Many of you have heard of the Ultimatum Game:
The ultimatum game is an experimental economics game in which two parties interact anonymously and only once, so reciprocation is not an issue. The first player proposes how to divide a sum of money with the second party. If the second player rejects this division, neither gets anything. If the second accepts, the first gets his demand and the second gets the rest.
In theory a "rational" player should accept whatever is offered when there isn't a repeated iteration. Reality is different. From The Economist:
...Those results recorded, Dr Burnham took saliva samples from all the students and compared the testosterone levels assessed from those samples with decisions made in the one-round game.
As he describes in the Proceedings of the Royal Society, the responders who rejected a low final offer had an average testosterone level more than 50% higher than the average of those who accepted. Five of the seven men with the highest testosterone levels in the study rejected a $5 ultimate offer but only one of the 19 others made the same decision.
What does this tell us? That physiological variables which are under biological (and ultimately genetic) control can affect the typical behavior a given individual exhibits, and, that that behavior can vary despite the same inputs across the population. There isn't any one H. economicus, there are many different ways humans interact and their propensity for a particular strategy might be conditional upon biological parameters.
But of course this doesn't mean that a given individual practices a fixed strategy even for the same inputs over time, just as strategies are mixed throughout the population so they are often mixed over time for any given individual. There is both population level and temporal variation which must be taken into account here; the flat uniform world of older economic imaginations were painted in shades of gray despite the multi-colored nature of reality.
Additionally, as I have noted before, even genetically close groups which are culturally distinct can exhibit wildly different modal responses to these various experimental economic games. This suggests that variation is not just extant on the biological level (e.g., tracking testosterone variation within the population), but also on the cultural level as the social parameters shift and reshape the landscape of gene-environment interaction. In other words, the behavioral economic biases can be likened to norms of response of particular genotypes in various cultural environments. Though the median value may shift, the distribution remains the same (e.g., if a particular individual is high testosterone it is likely that their response to the ultimatum game in one iteration will always lay at one end of the distribution across cultures though the range and shape of the distributions may vary quite a bit).
Reality is complex. I'm alluding here to the interaction of genetic parameters with various cultural norms. Additionally, the current work in relation to various small scale societies where the "nominal" sums offered by economists is non-trivial implies that analogical reasoning plays a strong role in determining how the typical individual will respond. It seems that most peoples don't conceive of utility maximization, they simply resort to analogies with transactions in their conventional life which can be mapped onto the games they are being forced to play. So there are innate parameters that result in a central tendency as well as variation, but there are also cultural parameters which modulate the range and constrain the scale, and, these often express themselves general intelligence operating through analogical (as opposed to deductive) reasoning. This turns rationality into a whole new beast altogether, not only is it bounded, it is nearly eviscerated as we understand it.
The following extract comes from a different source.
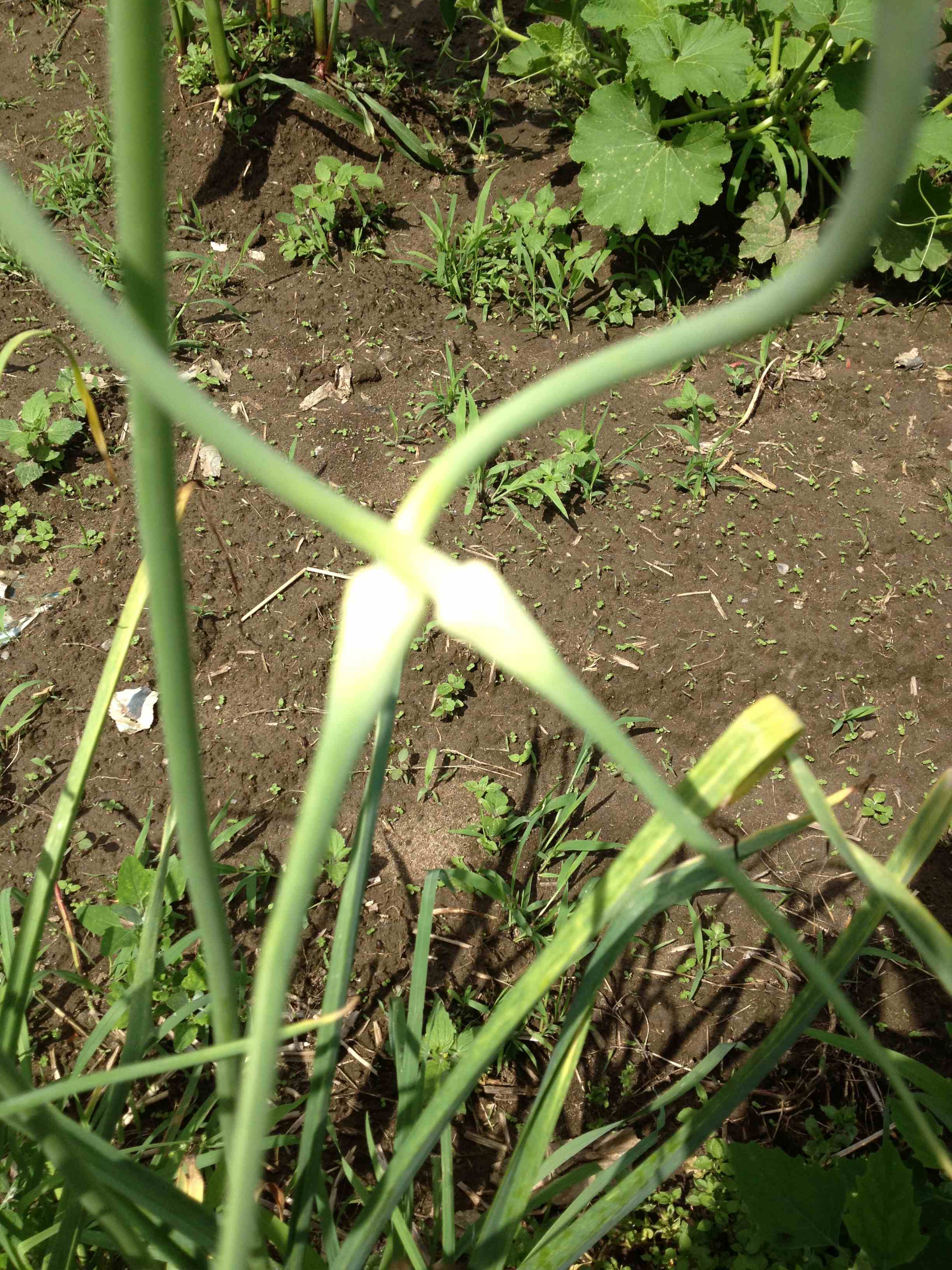 A row of basil, started from seed by students in the After School Program was also transplanted into the garden. At this point, three weeks later, I am already pinching back the top two leaves of the basil plants to allow the plant to branch out. Garlic plants from last fall have sent out their flower buds (scapes). These can be cut back as well and put into a blender with olive oil and salt to make a very spicy pesto. In the fall we’ll make basil pesto with our own garlic. Pesto can be frozen to use on pizza or with pasta. Throughout the winter we’ll be able to taste memories of our garden.
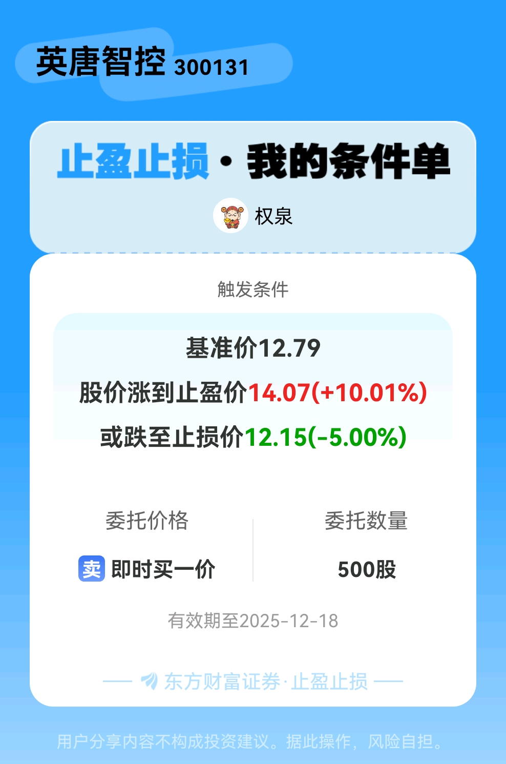 #条件单交流# #止盈止损晒单# 一位股神设置了一个止盈止损条件单,接下来就是见证奇迹的时刻~$英唐智控(SZ300131)$

But why this variation in the first place? First, I am implying that the conditional responses that an individual gives has an expectation which is determined in large part by their genetic inheritance. Imagine for example that the ratio of "aggressive" to "passive" responses in a given game that an individual gives over time as a ratio, and that this ratio is placed upon a graph. I suspect that in many cases you would generate some sort of normal distribution (you might have to transform it though). There would be a median modal ratio; there would be those rare players who engage in "fixed" strategies where they were invariant. In this way you can re-conceptualize the behaviors documented in experimental economics as continuous quantitative traits. We know from population genetic theory that such traits have not been subject to powerful directional selection for long periods of time. Otherwise, the underlying genetic variation would have been exhausted as one behavioral morph comes to dominate the population of strategies (the range of basal testosterone should be very small and predominantly environmental/non-heritable). The reality of polymorphism might imply that the "rationality landscape" (to borrow a term) is characterized by multiple optima. Balancing selective forces such as frequency dependence and environmental variation might also result perpetuation of the mix. Layered on top of this evolutionary biological level is the flux of cultural inputs which serves as the background environment in which the predispositions develop into lifelong typical strategies. We've come a long way from reciprocal altruism.